I guess I'm confused as to your use of the switch. Why not get a 4x2 and do all HDMI or at the very least, put all HDMI to the projector and Component to the Gym.... OR follow up, if your Blu-Ray has two outs, why do you need a switch, why not a active splitter for the DTV receiver.

http://www.monoprice.com/products/p...=10113&cs_id=1011301&p_id=6192&seq=1&format=2

I've probably missed something


----------



## hehateme (Jan 27, 2008)

I have never used a HDMI switch or a splitter before. I am not sure how well they work.
I was concerned about the picture quality on my projector so I was trying to not introduce any switches between the equipment and the projector.

I ran 2 HDMI and 3 cat6 and smurf tube between media closet to projector.

I ran 1 HDMI and 3 cat 6's to the gym so sending component to the Gym TV is not an option.

Switch is required because that is the only way I can send BluRay and Sat signal to Gym TV on one HDMI.

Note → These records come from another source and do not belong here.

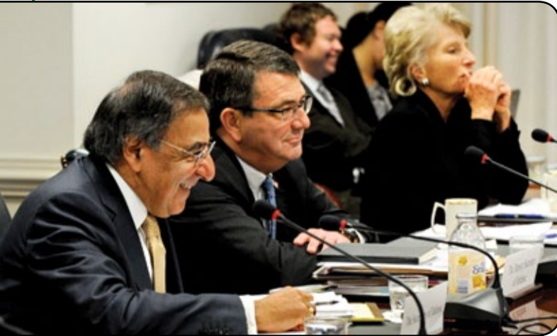
^ Secretary of Defense Leon Panetta and then-Under Secretary of Defense for Acquisition, Technology and Logistics, Ashton Carter, at a defense briefing.

The Obama Administration entered office with a reform plan focused in large part on solving the problem of escalating costs in major defense programs. In 2009, Congress passed the Weapon Systems Acquisition Reform Act (WSARA) intended to improve the oversight and management of major defense acquisition programs. WSARA's primary focus was on exerting better oversight through the creation of new senior management positions, adding administrative activities and increasing reporting requirements. The hope was that by more tightly controlling the requirements process, the selection of technologies, the expenditure of funds, the development of products and the testing of new platforms and capabilities, costs could be reduced and the chances of a successful outcome increased. 5
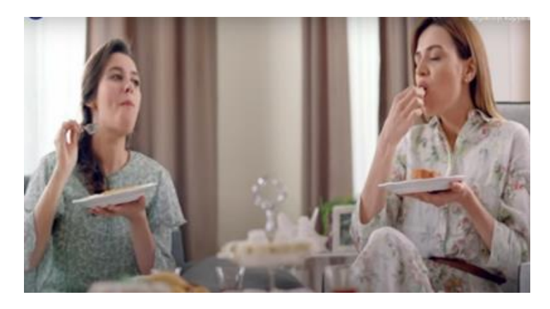
Figure 7. Tasting the Food
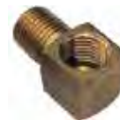
550-00624 SAE FLARE NUT 5/16"
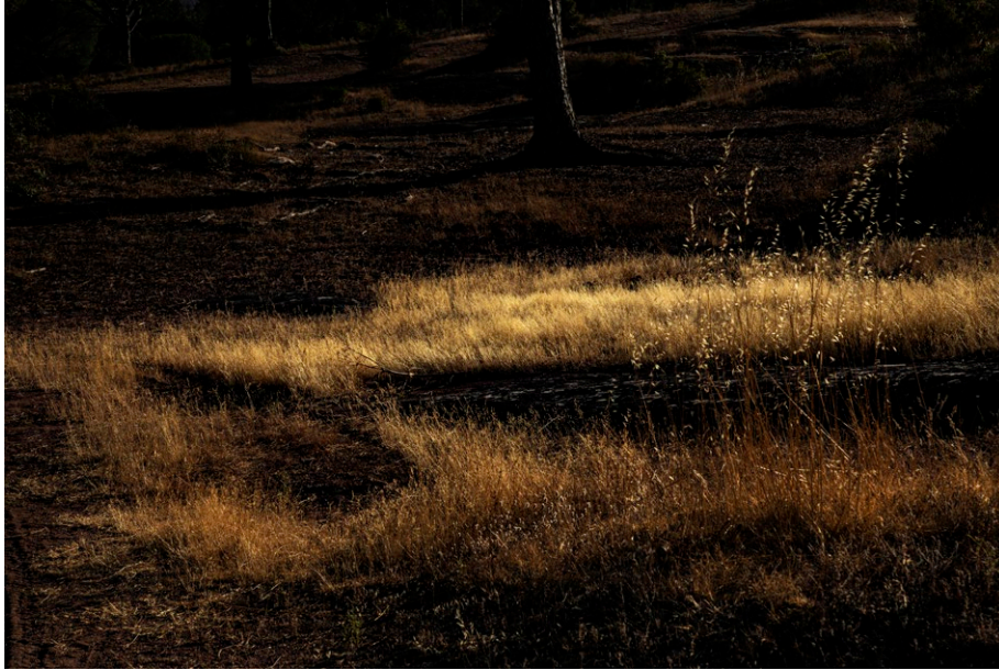
"Finding Gold" 2020 © French Cowboy (Mia Macfarlane & Julien Crouïgneau)

FRENCH COWBOY "LE SUD" , IRK GALERIE, ARLES – Entering Le Sud is like walking down a fresh path, your body alive with a sense of the world around you. Feeling the weight of the summer heat, the cooling breeze against your skin, hearing the brief rustle of grass mixed with the sound of cicadas. Or catching a glimpse of an unknown face in a passing doorway, or perhaps a better description is that of a hand against your face, the sight of a lover walking through the room their body glistening in the morning light as it moves past a window framing the countryside, your body seeped in the relaxation of a vacation well earned, every sense aware after an intimate morning. And then there is the light, it is always the light, illuminating each subject with energy and emotion, sometimes so close that you can almost touch it, other times farther away, yet always beyond your reach. In their book, Le Sud , Paris based collaborative French Cowboy bring us into this land, one where David Lynch might play, filled with questions not all answered which is one of the book's great delights.

I will watch more TV on the Gym TV than the projector.


I can do 4x2 HDMI switch and this will help me in taking out the component cables from my setup.

Panny and Satelite HDMI outs into the 4x2 matrix.
One HDMI output of matrix will go to the receiver
One HDMI output of matrix will go to the gym TV.

monoprice has good return policy so I can try matrix first to see how well it works.
Let me know if this makes sense or if I am missing something obvious.


----------



## terron (Oct 11, 2008)

On the subject; has anyone every used an active splitter and within the next few months lost posts HDMI1-3. The splitter was purchased at the same time as the TV so I think the problem was a faulty TV. Vizio came out and replaced the input board but now am a bit skiddish to reinstall the splitter so the kitchen TV can watch whatever is going on in the livingroom.


----------



## RACJ2 (Aug 2, 2008)

I recommend you save money and go with a powered splitter. I've used a powered HDMI splitter for 2 of my flat screens for about a year and love it. It saves $72/yr in recurring cost for an additional HD Receiver or DVR.

My remote setup goes through cat6 using these HDMI wall plate/adapters [link], not a straight HDMI run. So its a bit different then what you will have, but the splitter concept is the same. I originally purchased this splitter [link] from Monoprice and had no sound on the remote run. I replaced it with this splitter [link] and it works great. I purchased mine from CompUSA/TigerDirect, but they are out of them. I can run both TV's simultaneously and have excellent picture and sound quality on both.


----------



## Altcool (Jun 11, 2007)

http://www.monoprice.com/products/p...d=1011301&p_id=7522&seq=1&format=1#largeimage

I have used this for 2+ years works great 6ft hdmi on input and two 50ft hdmi on output no drop outs.


----------